The grants, which were announced in January under the 2019 Pennsylvania Farm Bill, are aimed at enhancing the state’s family farms by funding professional services like financial and tax planning, marketing, researching and consulting.

The grants will reimburse up to $7,500 of the cost of the funded service.

Among those who were granted funding are Urban Homesteaders LLC and Farms Close by, both in Allegheny County, along with Kepple Farms and farms owned by Matthew Carr, William Smith and Barbara McMillan, all in Westmoreland County.

“When Pennsylvania farm families succeed, Pennsylvania succeeds,” Agriculture Secretary Russell Redding said in a news release. “These grants will help farm families with all types and sizes of operations create sound plans for their future, and explore the feasibility, profitability and sustainability of those plans.”

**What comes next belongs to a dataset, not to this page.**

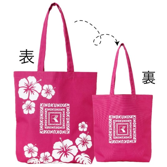 沖縄限定デザインのバッグは、ハイビスカス柄のホットピンク、パイナップル柄のグリーン、ハイビスカスが一面に描かれたピンクの3色展開。縦長サイズなので、背の高い商品も収まります。インナーポケットもついているので携帯電話や鍵などバッグの中でなくなりがちな小物も収納できます。
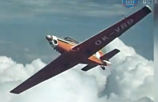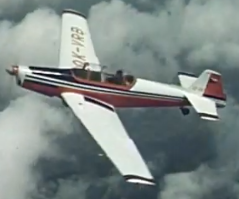 main components framed up The plastic of the engine cowl was still in remarkably good shape, but I didn’t like the exaggerated panel lines and the indentations showing the location of the hole for the silencer, so I decided to fill all of these and finish the cowl as a plug from which to make moulds for an epoxy fiberglass cowl. I don’t know which clear plastic was used for the canopy but it is very brittle. Not from age, because as far as I recall, it cracked easily on my first build attempt so many years ago. So again this time, very careful cutting and trimming was needed. Cockpit interior detail is sparse as intended by the designer, so I didn’t want to change that to preserve the retro look from this semi scale model. simple cockpit interior as intended by the kit manufacturer The box cover shows a fantasy impression of the full size OK-VRB, while the catalog photos show more authentic versions. I found very little on the full size but in this 1967 film “Skies for the Trener” (can be found on youtube), the original OK-VRB is featured in some flying scenes. A few screenshots allowed me to replicate the OK-VRB scheme in a decent manner although it was far from my intention to make a detailed scale model.

With the help of the grants, farms across the state have proposed plans to conserve land and water resources, expand capabilities to produce through organic or aquaponic methods, process dairy into yogurt, cheese or other products and add direct-to-customers sales.

Seventeen recipients will also be involved in the Pasa Sustainable Agriculture’s Diversified Vegetable Financial Benchmarking Study, which aims to achieve targets for revenues and scale and profit margins. Pasa is a sustainable agriculture association.

“The Farm Vitality Grants program will make a tremendous difference in farmers being able to create plans for a more viable future,” Pasa Executive Director Hannah Smith-Brubaker said in the release. “None of us could have anticipated the extreme demands that the current pandemic would have on farmers, and we all know that having a plan helps us weather unforeseen circumstances, so the timing for this program couldn’t have been better.”